Expropriation • Chavez forced foreign oil producers into joint ventures as minority partners in 2007 • Assets of ExxonMobil and ConocoPhillips were expropriated in 2007 after they declined to restructure their holdings in Venezuela to give PDVSA majority control • Total, Chevron, Statoil and BP agreed and retain minority interests in their Venezuelan projects. • PDVSA has paid compensation for assets it has nationalized including $255 million paid to ExxonMobil on February 2012
Breakeven oil price • About half of Venezuela's exports are committed to others, due to the need to service debts, particularly to China. • PDVSA debt rose to some 11% of GDP ($35 billion) last year, up from $8.5 billion at the beginning of the last decade when debt amounted to 7% of GDP • It is hard to pinpoint breakeven price for oil. That is, the oil price needed to generate the oil revenues sufficient to balance its fiscal budget , but it may run at over $120 per barrel. • PDVSA's profits are diverted to social contributions, having risen from 0% to 24% of its revenue over 2002-2011; • These financial burdens on PDVSA include domestic subsidies, foreign aid as well as oil-backed loans from other countries, particularly China.

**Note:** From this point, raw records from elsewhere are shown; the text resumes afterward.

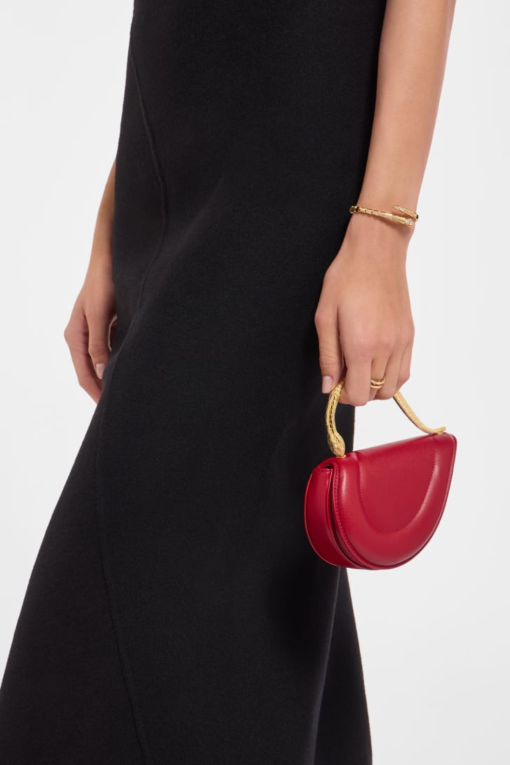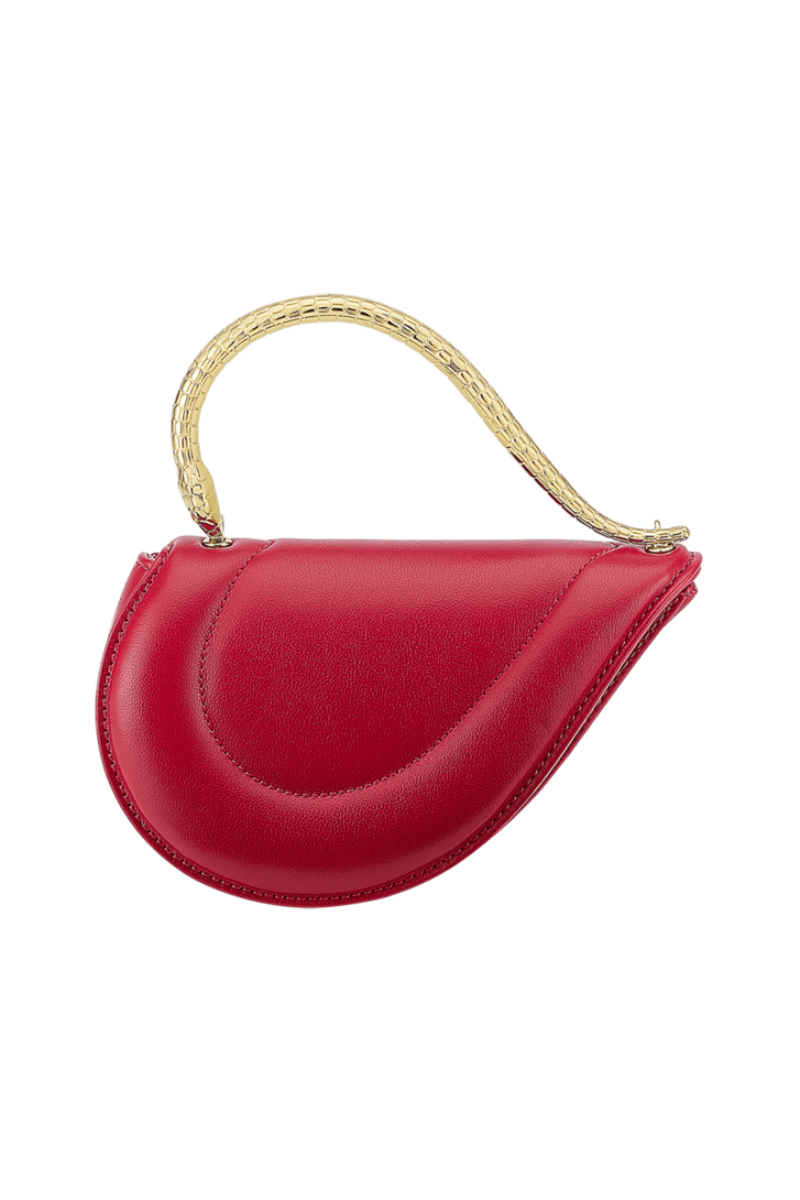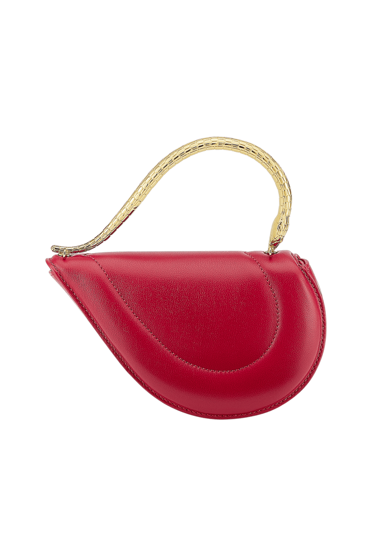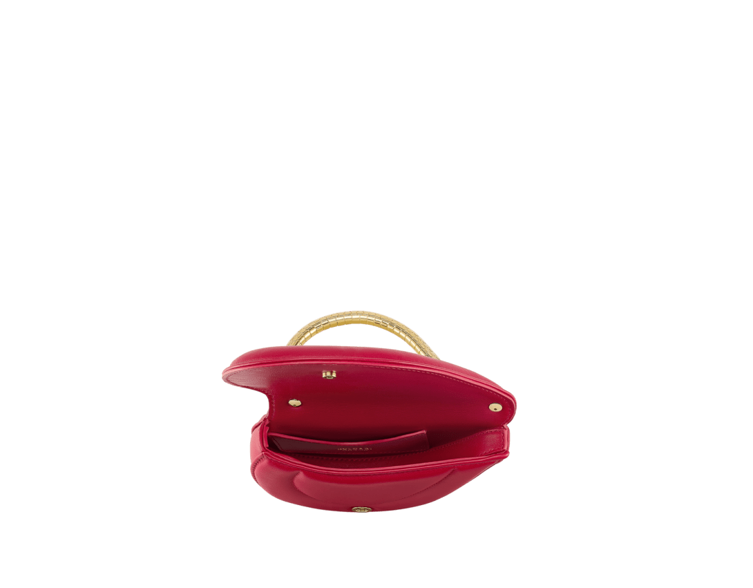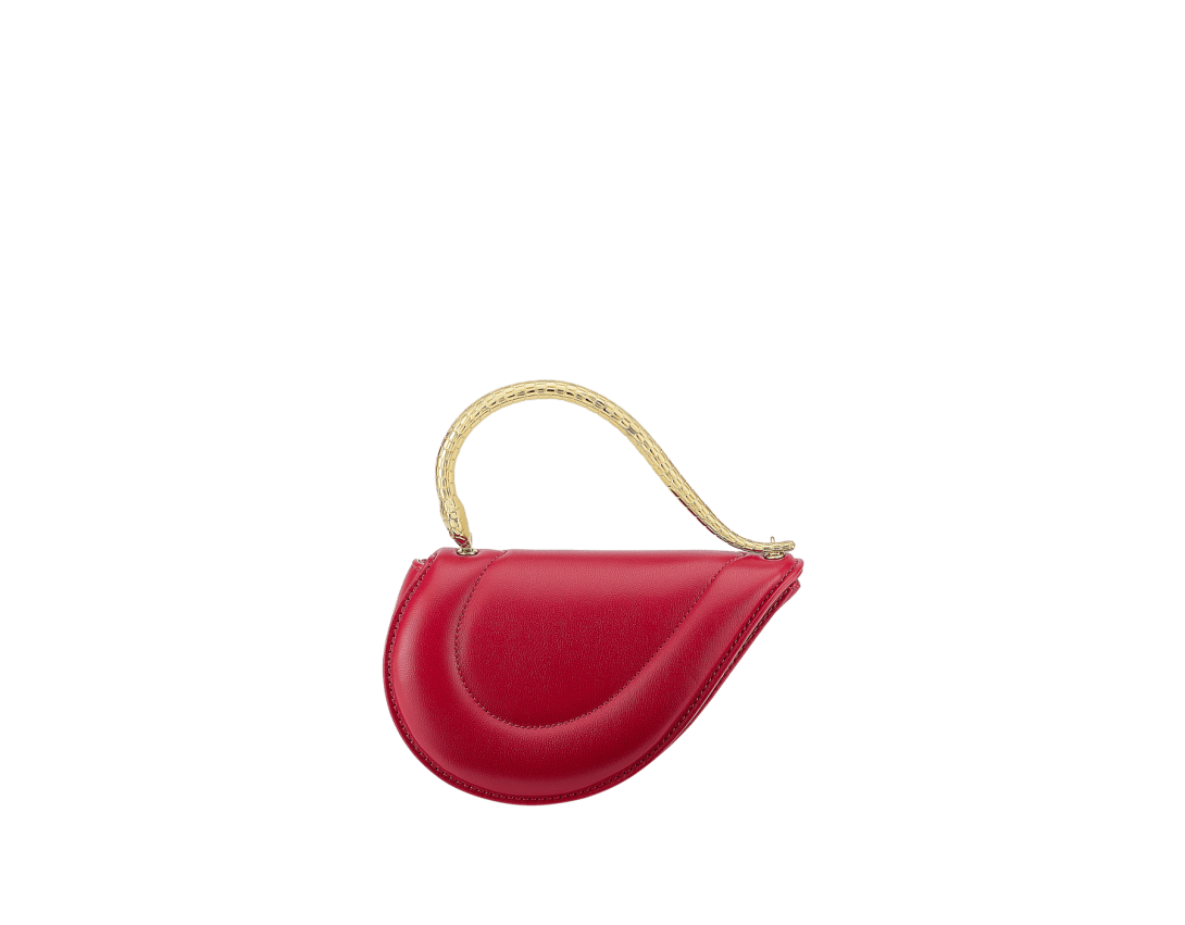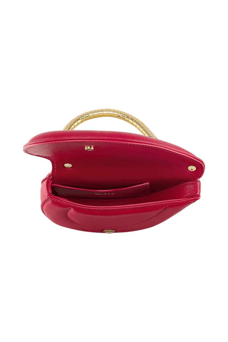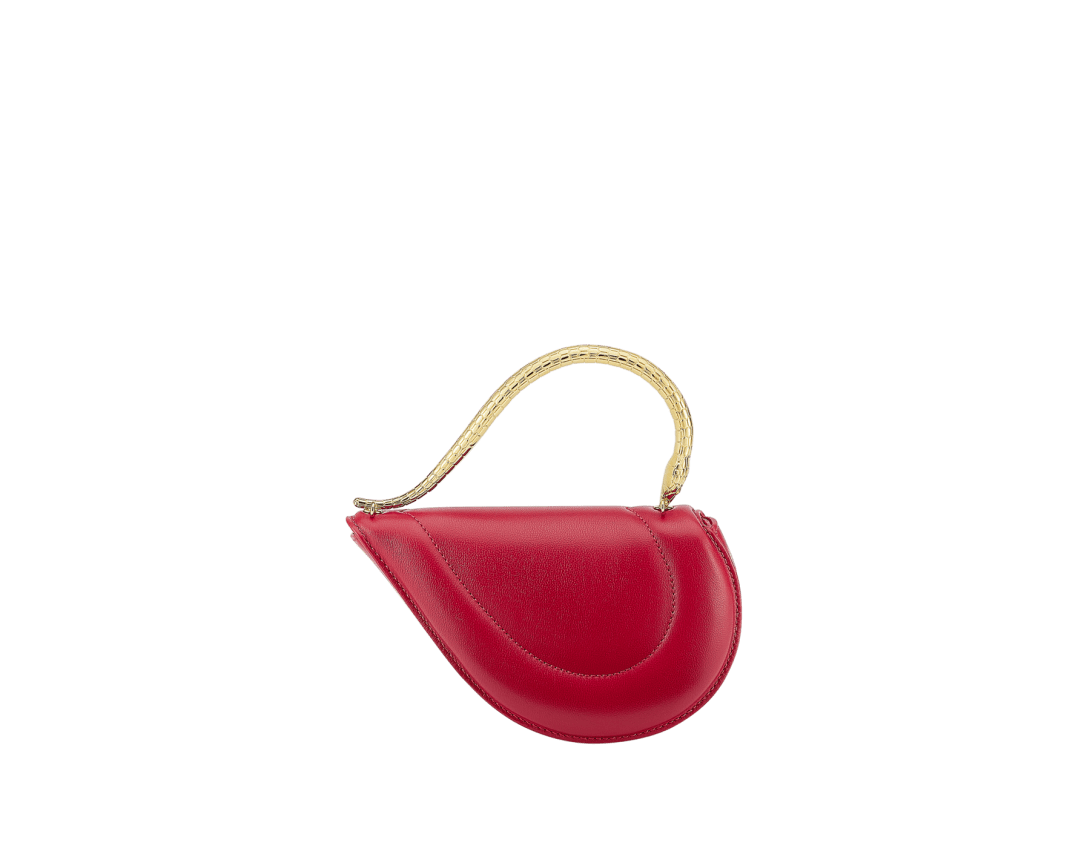 Serpenti Cuoricino mini top handle bag in royal ruby calf leather with royal ruby nappa leather lining. Captivating snake body-shaped top handle in gold-plated brass embellished with engraved scales; press-button closure.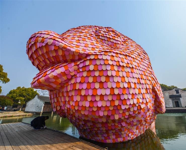 3月27日,粉红色的“浮鱼”首次亮相水乡乌镇西栅景区水剧场。这件作品是“大黄鸭之父”弗洛伦泰因·霍夫曼根据乌镇西栅景区内“水剧场”的空间环境而创作,也是即将开幕的“乌镇国际当代艺术邀请展”的重要参展作品之一。3月28日至6月26日,“乌镇国际当代艺术邀请展”将在浙江省桐乡市乌镇景区内举行,展览汇集来自15个国家和地区的40位(组)艺术家的55组(套)130件作品,包括绘画、雕塑、摄影、装置、影像、动画、行为、声音等多媒介方式。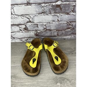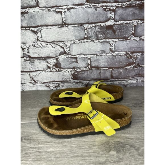 Birkenstock Gizeh Yellow Patent Leather Cork Slide Sandals Women Sz 37EU/6.5M US

Petrocaribe and the Bolivarian Revolution • 2005 agreement between Venezuela and 17 importing countries • 60% paid upfront and remaining 40% financed over 25 years at 1% interest rate • 180,000 b/d • Mounting debts levels are becoming too large to ignore • Dominican Republic - $3 billion • Jamaica - $1.9 billion • Discouraged private investment that could have helped diversify Caribbean countries' energy mix
Current State of Investment • Caracas has spent billions of dollars of PDVSA's earnings on projects ranging from the construction of low-income housing to subsidized food distribution • PDV is short of cash to fund critical investment projects -Orinoco Belt heavy-oil region • China last year ordered a freeze of new financing for Venezuela • PDVSA now required to meet benchmarks before receiving the next round of funding • Spain's Repsol agreed to invest an additional $1.2 billion in its Petroquiriquire partnership with PDVSA • Money will go into a trust overseen by the joint venture
PDVSA is In Good Hands “The bird stood on a wooden beam and began whistling, a nice hissing," he said imitating the sound. "Then I stared at him and whistled back... The bird looked strange at me, right? He whistled for a little while, flew around and left, and I felt the spirit of Chavez," said Maduro.